The Tax Havens of the World
There are roughly 195 countries in the world and almost 25% (45) of them are considered tax-havens. The more popular tax-havens most people are familiar with are the ones located on small tropical islands, such as the Cayman Islands, Bahamas, St. Martin, St. Lucia, Seychelles, Turks and Caicos, and Bermuda.
There are the lesser-known tax-havens located in key business hubs such as Hong Kong, Panama, and Singapore.
There are also tax havens in well-established and developed countries like Ireland (see: Google), the United Kingdom, and the Netherlands.
Two jurisdictions worth mentioning for cryptocurrency enthusiasts are The Republic of Malta and Panama.
The Island of Malta, Cryptocurrency Tax Haven – Ferenc Horvath
The Republic of Malta:
Generally referred to as just Malta, this small archipelago of islands is located in the Mediterranean Sea and off the southern coast of Italy. The island has been inhabited since 5900 BC and has a long history of conquest and invasion.
This Republic is also known as “blockchain island” is also likely the most crypto-friendly country in the world. Malta has well-developed cryptocurrency regulation which is likely the reason Binance and other exchanges have chosen this jurisdiction to incorporate their business.
Although Malta does not impose capital gains on long-held digital currencies, it does impose a tax on daily trades, at the rate of 35%, making it an unattractive option for many types of investors.
Malta is an excellent jurisdiction for many types of blockchain projects and cryptocurrency exchanges. However, may not be the most suitable choice for the typical cryptocurrency investor.

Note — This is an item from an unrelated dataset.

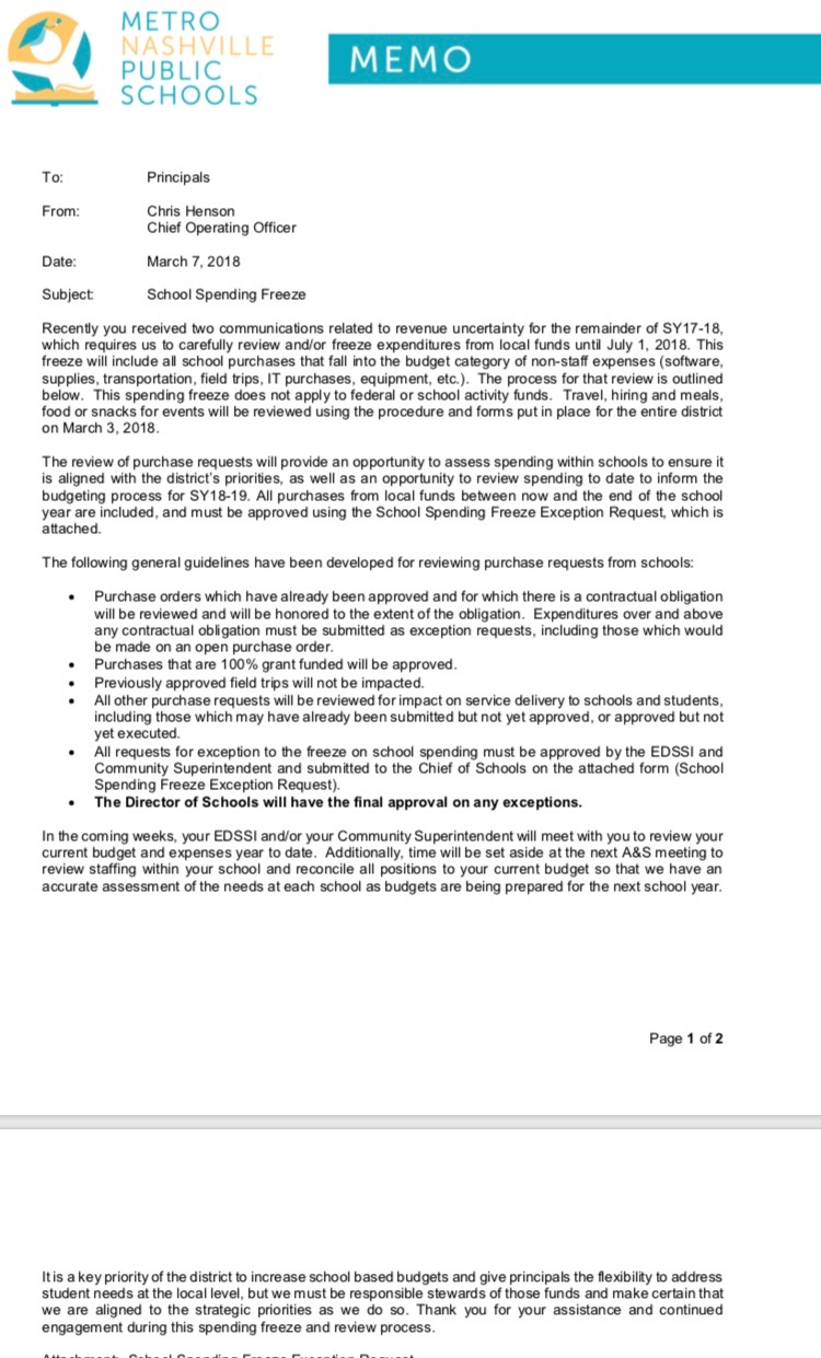 • “We would not let any school go without paper.” That one produced a collective, “Huh??!?” from principals. Up until yesterday, all budget exception requests were being returned from central office marked denied. Many of those requests were for funds for paper. In fact, Overton HS parents felt so concerned that they created a paper drive. Joseph has stated that people have just misinterpreted the freeze, but the directive seems to have made things pretty clear to me.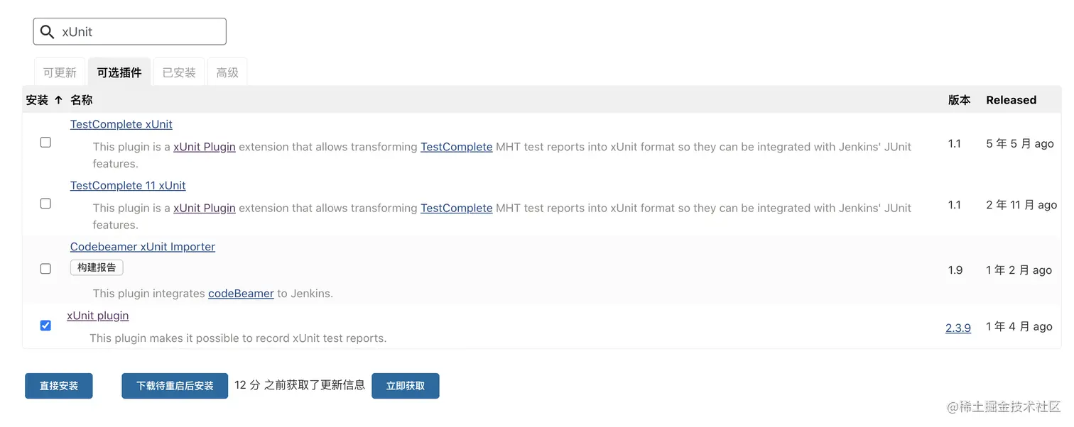 打开 Jenkins 的管理页面,进入 系统管理->插件管理->可选插件,在搜素框中搜索 xUnit,在出现的结果中选择 xUnit plugin,点击 直接安装 后,等待 Jenkins 安装重启即可。

Panama, Tax Haven — JACQUELINE BRANDWAYN
Geographically located at the narrow bridge of land that connects North and South America, made famous by the Panama Canal and Panama Hats, Panama has been a popular offshore destination for investors long before Bitcoin was a twinkle in Nakamoto’s eye.
This jurisdiction has corporate tax at 0%, does not tax capital gains, dividends or interest.
Additionally, Panama has minimum reporting requirements, not requiring the filing of a tax return or the creation of financial statements.
For many types of investors, Panama ticks a lot of boxes as a jurisdiction for their offshore business. An additional benefit of owning a Panama company is that it also opens the door to permanent residence in the country.